Tsinghua University sets a clear framework for AI in education
Tsinghua University has released a comprehensive framework that treats AI as an assistant, not a substitute, in academic work. It draws a firm line against ghostwriting, plagiarism, fabrication, and submitting AI output as one's own - especially for graduate students, who are reminded that AI cannot replace the intellectual labor required for their training.
The document assigns responsibility where it matters: instructors set boundaries, students disclose and verify, and supervisors provide oversight. The goal is practical: integrate AI to improve teaching and learning without compromising integrity.
What's allowed - and what's off-limits
- Red lines: No ghostwriting, plagiarism, or fabrication. No submitting AI-generated text, code, or outputs as original work. No use of sensitive or unauthorized data with AI tools.
- Transparency: All academic use of AI must be properly disclosed.
- Verification: Treat AI outputs as drafts that require multisource verification and critical review.
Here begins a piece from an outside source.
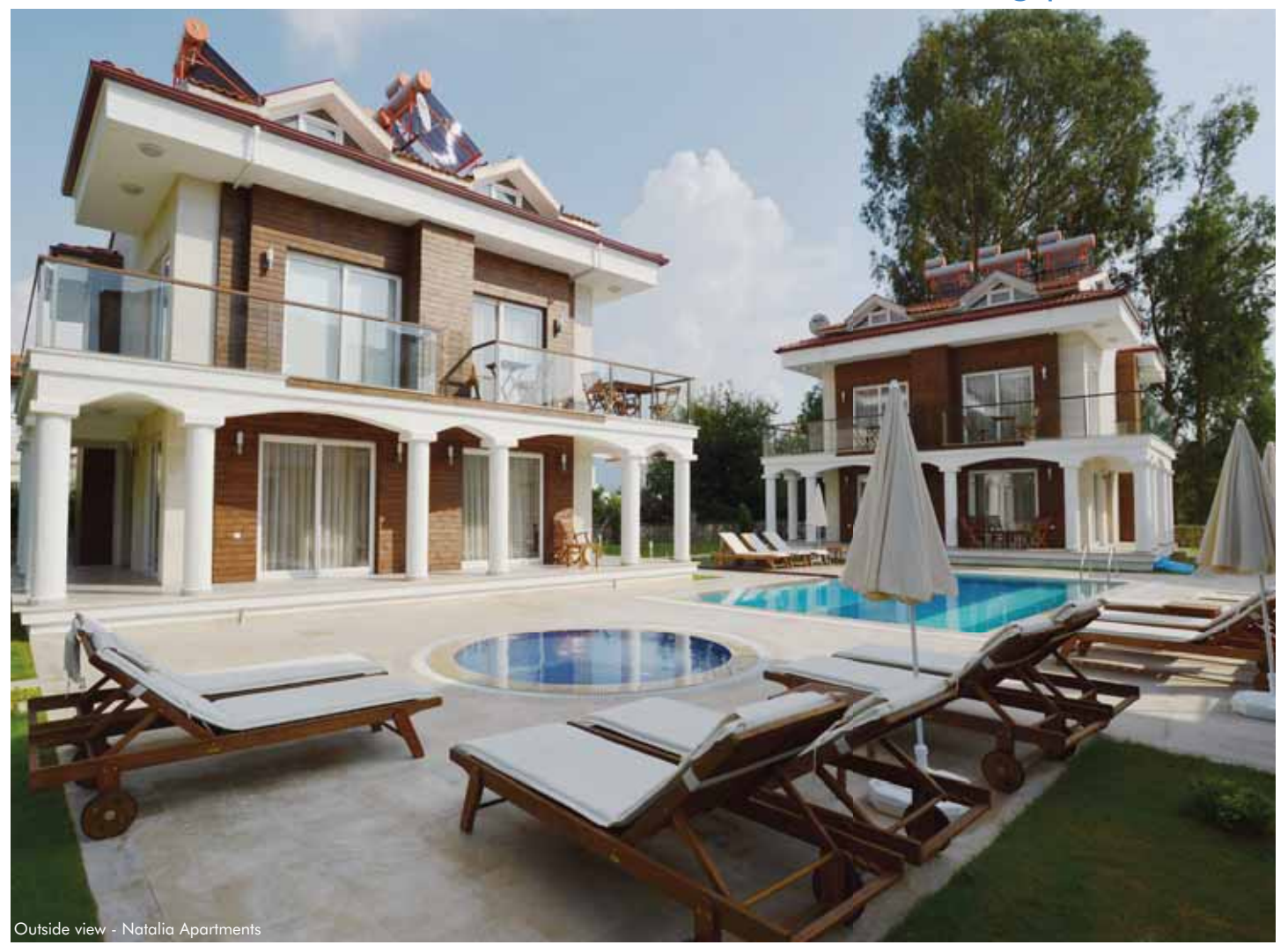
Natalia 600 meters from the beach - Shared swimming pool

Watch for "hallucinations."
- Green lights: Use AI as an auxiliary tool within course-defined boundaries - for ideation, feedback, explanations, drafting, or structured practice - with human judgment in the loop.
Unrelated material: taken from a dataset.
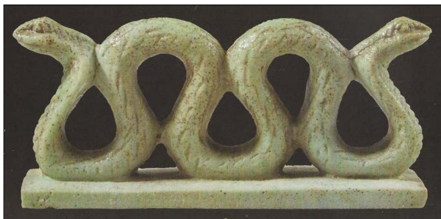
Fig. 8. Faience amulet in the form of a double serpent discovered in Thebes (26 th Dynasty, 7 th –6 th century BC). The National Museum in Warsaw, MNW 236847.

In the morning of 20 January, M. Tyszkiewicz examined the above-mentioned objects: "Only one of these mummies was distinguished by beautiful adornments, and in particular I rejoiced over two beautiful ear-ornaments of gold. The reader will find a drawing of these ear-ornaments in the tables which I do intend to attach to my diary, accompanied with a short text explaining the objects." 40 In one of the remaining mummies

Roles and responsibilities
Instructors: Determine where AI fits based on course goals. Set clear rules, explain why they exist, and supervise any AI-generated teaching materials.
- Publish a course-specific AI policy (what's encouraged, restricted, and prohibited).
- Require disclosure statements on assignments that describe tools used and how outputs were verified.
- Model critical AI use: demonstrate checks for bias, errors, and sources.
Students: Treat AI as an aid, not a shortcut. You are responsible for the accuracy, originality, and integrity of your work.
- Do not submit AI output as your own. Use it to think better, not to avoid thinking.
- Disclose tools, prompts, and where AI shaped your process. Verify with multiple sources.
- Avoid feeding personal, sensitive, or restricted data into AI tools.
Supervisors: Provide clear guidance on acceptable use and maintain oversight to protect originality. Review disclosure practices and data-handling decisions.
How the guideline was built
The framework draws on a global review of 70 AI-in-education documents from 25 universities and interviews with more than 100 students and instructors, led by faculty at Tsinghua's School of Education. It builds on campus-wide experience integrating AI across 390+ courses in 10 areas, including AI learning companions and teaching assistants.
Leaders describe the framework as a "living system" that sets firm red lines while highlighting green lights for responsible experimentation. Innovation is encouraged - with structure, transparency, and accountability.
Apply this framework on your campus
- Create a one-page AI policy for every course: purpose, allowed uses, disclosure format, verification steps, red lines, and consequences.
- Add a mandatory "AI use" section to assignment templates: tools used, prompts, what was accepted or edited, and how it was verified.
- Adopt a data-safety checklist: no sensitive or unauthorized data; review tool privacy policies; prefer institution-approved tools.
- Build a verification habit: cite sources, cross-check facts, and use multiple references for claims and code.
- Teach "hallucination" handling: require students to annotate AI outputs with confidence notes and source links.
- Supervise AI-generated teaching materials: run spot checks, keep revision logs, and confirm rights for any datasets used.
- Recognize exemplary use: showcase assignments where AI support is disclosed, verified, and meaningfully integrated.
Why this matters for educators
This approach respects the craft of learning and research. It gives educators a workable structure to improve productivity and feedback while keeping the core work - thinking, analysis, originality - firmly human.